= Ambush Entertainment =

Ambush Entertainment is a Los Angeles based, artist driven, independent film production company that, with its financing arm Cold Iron Pictures, is dedicated to producing provocative, diverse, and original feature films, television and web content aimed at appealing to a wide audience.

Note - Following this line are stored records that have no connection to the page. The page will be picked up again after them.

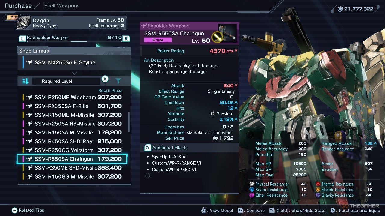 肩の武器に来ると、あなたは選択に甘やかされているため、どちらを選択するかを正確に絞り込むことがさらに困難になります。 1つの肩のスロットを占めるだけの素晴らしい選択は、Chaingunです。物理的なダメージのみを扱うだけですが、それが優れているのを助けるために他の多くの特徴があります。
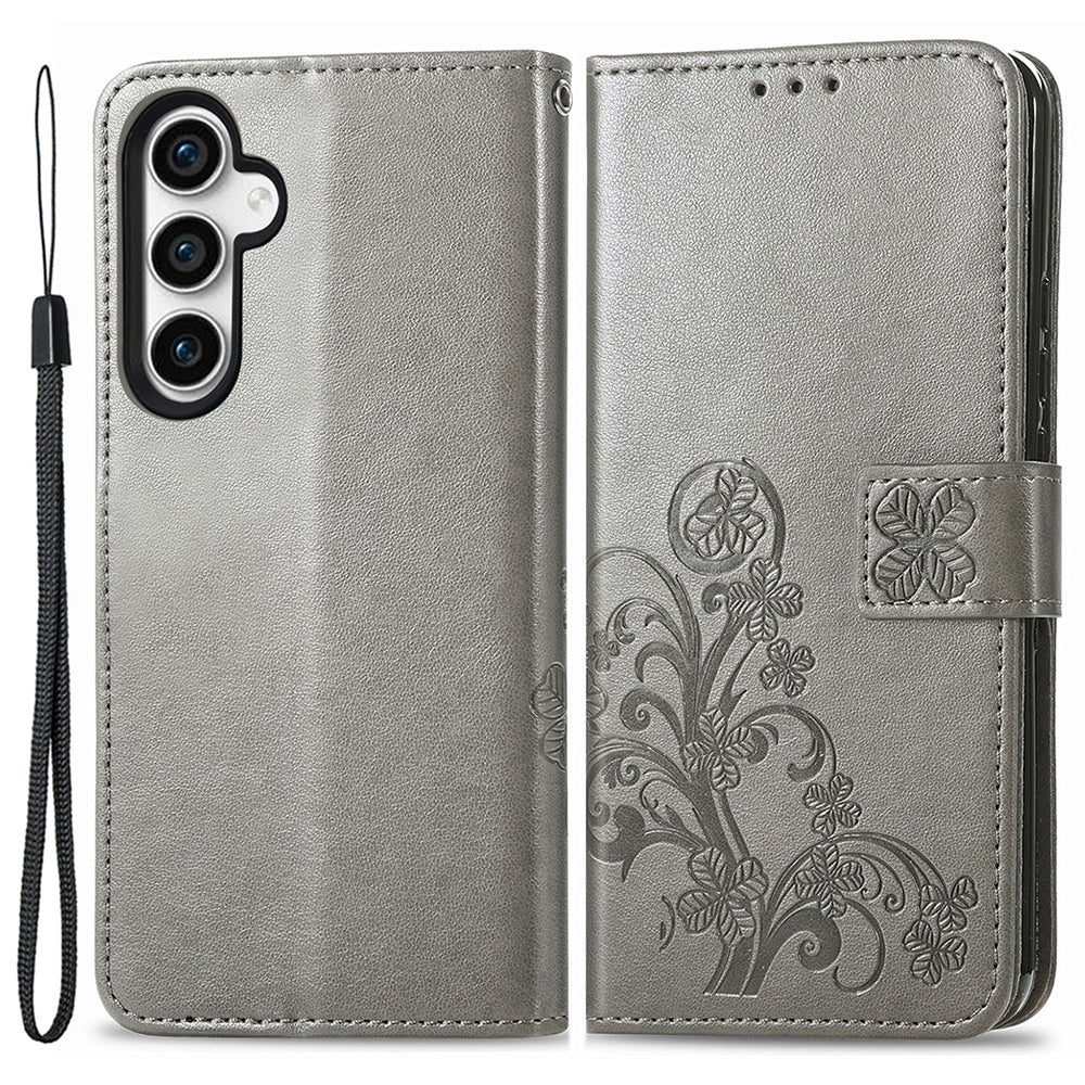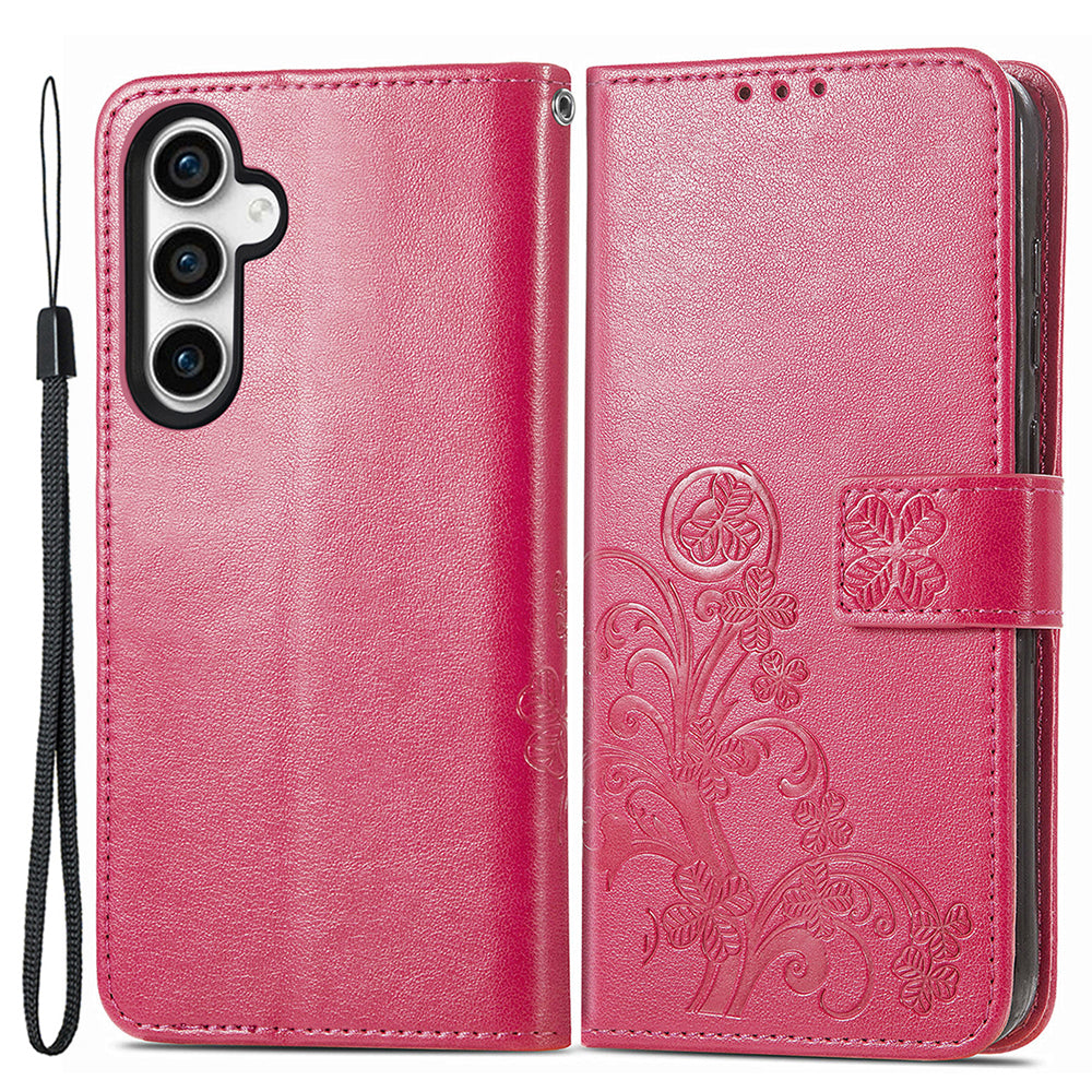 - For Samsung Galaxy S23 FE Wallet PU Leather Cover Four-leaf Clover Imprinted Phone Stand Case with Wrist Strap For Samsung Galaxy S23 FE Wallet PU Leather Cover Four-leaf Clover Imprinted Phone Stand Case with Wrist Strap
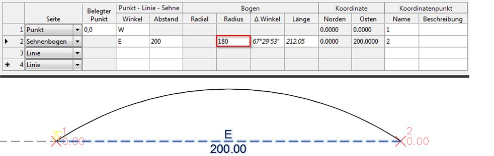 Bei der Eingabe von Daten für Sehnenbögen müssen Sie einen Winkel und einen Abstand eingeben und anschließend entweder einen Radius, einen Delta-Winkel oder eine Länge festlegen. Der von Ihnen direkt für Radius, Delta-Winkel oder Länge eingegebene Wert wird in normaler Schrift und die berechneten Werte in kursiv angezeigt. In der folgenden Abbildung wurde 180 für den Radius eingegeben, wodurch der Delta-Winkel 67 ° 29' 53" und die Länge 212.05 berechnet wurden.
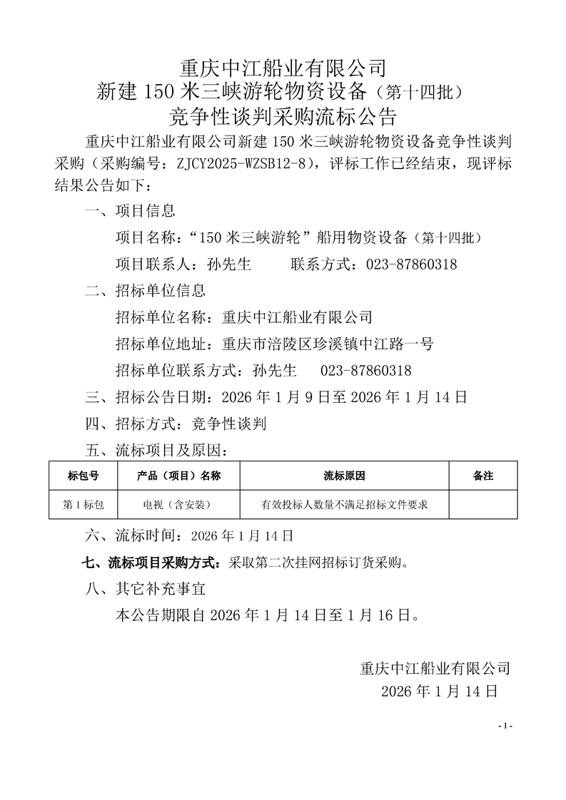 中江船业新建150米三峡游轮物资设备(第十四批) 竞争性谈判采购流标公告(采购编号:ZJCY2025-WZSB12-8)
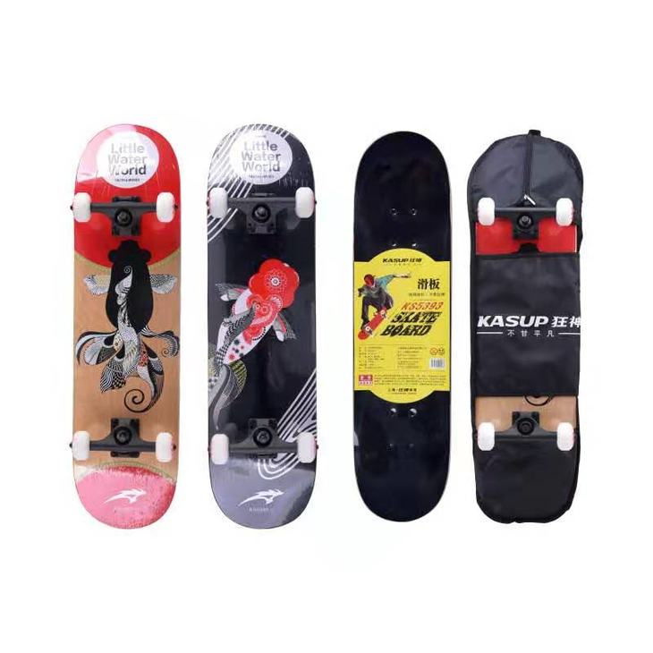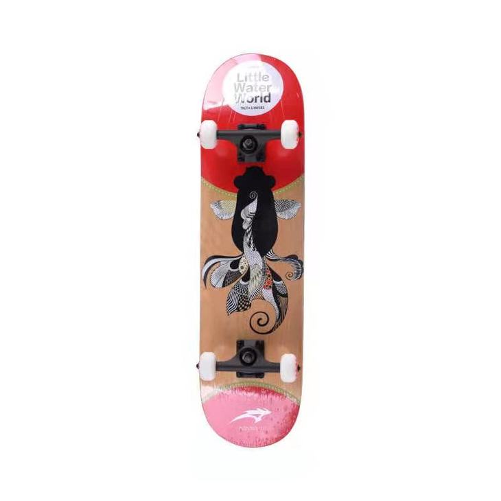 简介:7层东北枫板材,底部热转印图案,表面超强纸滑布,加强烤漆铝合金支架,PU车线轮,PU灌注避震,安全性能高。
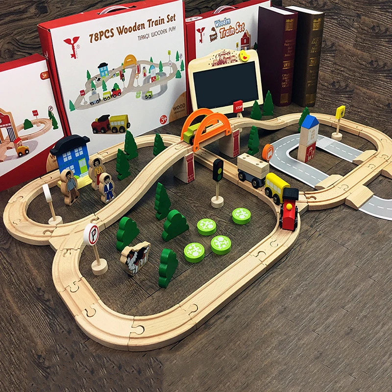 78PCS Traffic Wooden Train Track Magnetic Car Model Slot Puzzles Wooden Railway Early Educational Toy For Children And Friends
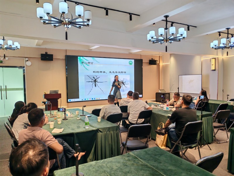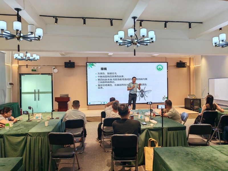 苍蝇繁殖超级快,一生可“生产”500多粒卵,如果发现一只,就说明附近有它们的孳生地,需要及时清理卫生,垃圾日产日清,运用物理清理+化学处理+环境治理,这样才能较快捷的治理虫害,使密度下降,得到有效灭杀。林老师幽默风趣地分享着苍蝇的那些事儿,学员们也是乐此不疲。
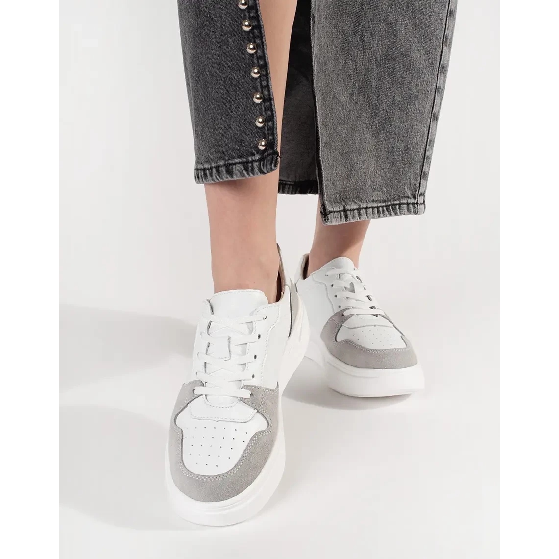 Izrađena od visokokvalitetne prirodne kože, i vanjskog dijela i umetka, osiguravaju izdržljivost i udobnost nošenja cijeli dan. Njihova klasična, bijela boja savršeno ide s različitim stilovima, dodajući svježinu i lakoću.
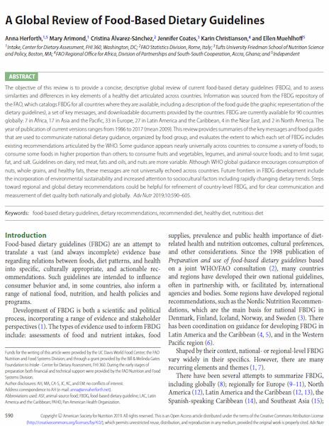 Review of current food-based dietary guidelines (FBDG), assessing the similarities and differences in key elements across countries
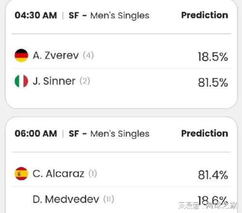 辛納的81.5%和小茲維列夫的18.5%獲勝概率,以及阿爾卡拉斯的81.4%和梅德韋杰夫的18.6%支持率,這種絕對(duì)的碾壓程度,都給人一種無比扎心的感覺。
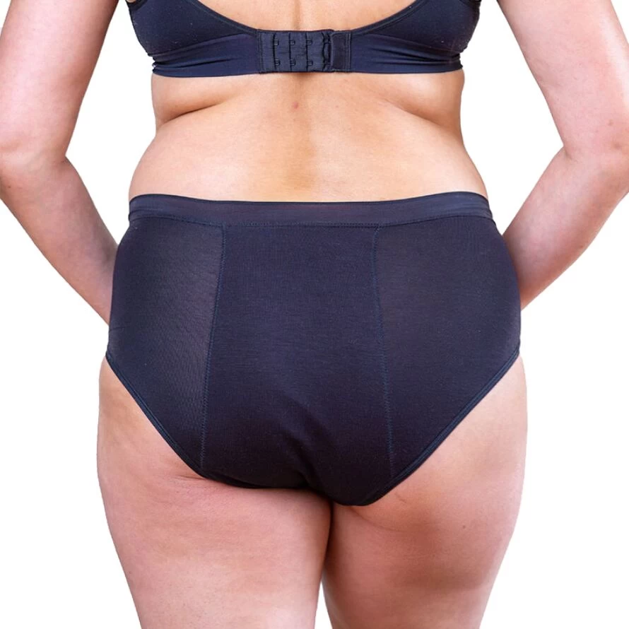 - High waist, full brief; Gusset panel padded from front to back of waistband; 4-layer absorbent pad; Breathable; Designed in Australia; Cold delicate machine wash
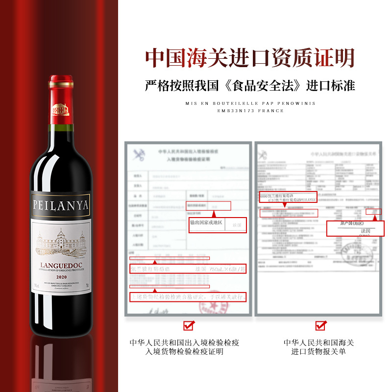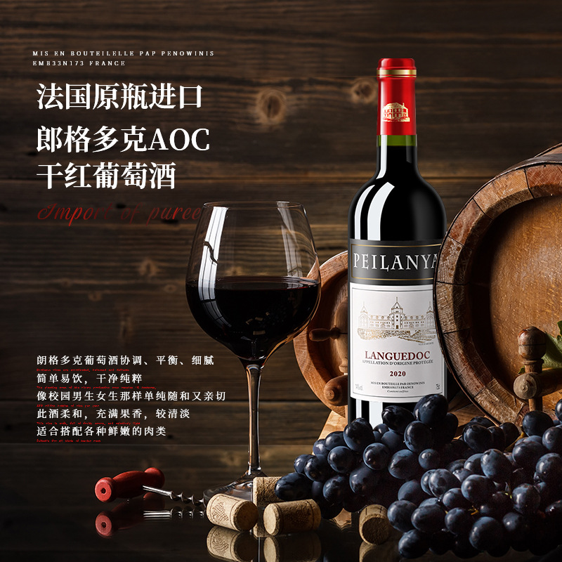法国原装原瓶进口红酒AOC混酿正品 干红葡萄酒14度750ml送礼批发
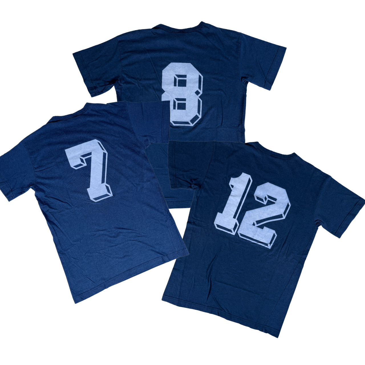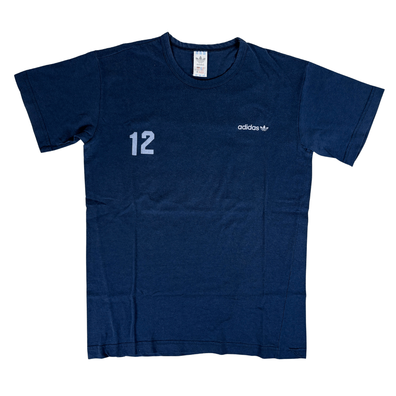 Condition: Used (pre-owned), good overall (7/10). Set of three vintage 1980s adidas training shirts (cotton blend). Flocked numbers 7, 8, and 12 on the front and back. Please note: some bobbling/pilling and colour fading from age/washing. The #12 is slightly misaligned. Price reflects the condition. Please review all photos carefully and feel free to message me with any questions

==List of Ambush Entertainment Films==

| Year | Films and Documentaries | Cast | Director |  |
|---|---|---|---|---|
| 2004 | Dead and Breakfast | Ever Carradine, Bianca Lawson, Erik Palladino, Gina Phillips, Jeremy Sisto, David Carradine, Diedrich Bader, Portia de Rossi, Jeffrey Dean Morgan, Oz Perkins, Brent Fraser, Miranda Bailey | Matthew Leutwyler |  |
| 2005 | The Squid and the Whale | Jeff Daniels, Laura Linney, Jesse Eisenberg, Owen Kline | Noah Baumbach |  |
| 2006 | The Oh in Ohio | Parker Posey, Paul Rudd, Danny DeVito, Mischa Barton, Miranda Bailey, Liza Minnelli | Billy Kent |  |
| 2007 | Unearthed | Emmanuelle Vaugier, Luke Goss, Charlie Murphy, Beau Garrett | Matthew Leutwyler |  |
| 2008 | Hindsight | Leonor Varela, Jeffrey Donovan, Miranda Bailey, Waylon Payne | Paul Holahan |  |
| 2008 | Lower Learning | Jason Biggs, Rob Corddry, Eva Longoria Parker, Monica Potter, Will Sasso, Kyle Gass, Hayes MacArthur, Miranda Bailey | Mark Lafferty |  |
| 2009 | Against the Current | Joseph Fiennes, Michelle Trachtenberg, Justin Kirk, Elizabeth Reaser, and Mary Tyler Moore | Peter Callahan |  |
| 2009 | Wonderful World | Matthew Broderick, Sanaa Lathan, Philip Baker Hall | Joshua Goldin |  |
| 2010 | Super | Rainn Wilson, Elliot Page, Liv Tyler, Kevin Bacon and Nathan Fillion | James Gunn |  |
| 2010 | Every Day | Liev Schreiber, Helen Hunt, Brian Dennehy, Carla Gugino and Ezra Miller | Richard Levine |  |
| 2010 | Greenlit (Documentary) |  | Miranda Bailey |  |
| 2010 | The River Why | Zach Gilford, Amber Heard, Kathleen Quinlan, and William Hurt | Matthew Leutwyler |  |
| 2011 | Unraveled |  | Marc H. Simon |  |
| 2011 | Answers to Nothing | Dane Cook, Elizabeth Mitchell, Julie Benz, Barbara Hershey, Zach Gilford, Erik Palladino, Kali Hawk, Miranda Bailey | Matthew Leutwyler |  |

== Upcoming Projects ==
2012 looks to be a busy year for Ambush Entertainment. They signed on to produce the adaptation of Martha O' Connor's novel "The Bitch Posse" to be directed by Catherine Hardwicke who also directed "Twilight" and "Red Riding Hood" among others. Also on tap is the sci-fi thriller "Below The Surface" based on a John Kelly script and to be directed by "The Eye" and "Them" director Xavier Palud
Other Projects slated for 2012 include:
- Spinning Plates - Spinning Plates is a feature documentary film about three restaurants, extraordinary for what they are today as well as the challenges they have overcome.
- Labor of Love - Labor of Love tells the story of Susan Austin and Lance Gilman who run the world famous Mustang Ranch brothel. With Susan's smarts and Lance's savvy, they are redefining what a brothel can be. From sponsored athletes and live events to concerts, motocross competitions, MMA fights, and unique Mustang Games, they're charting a new course.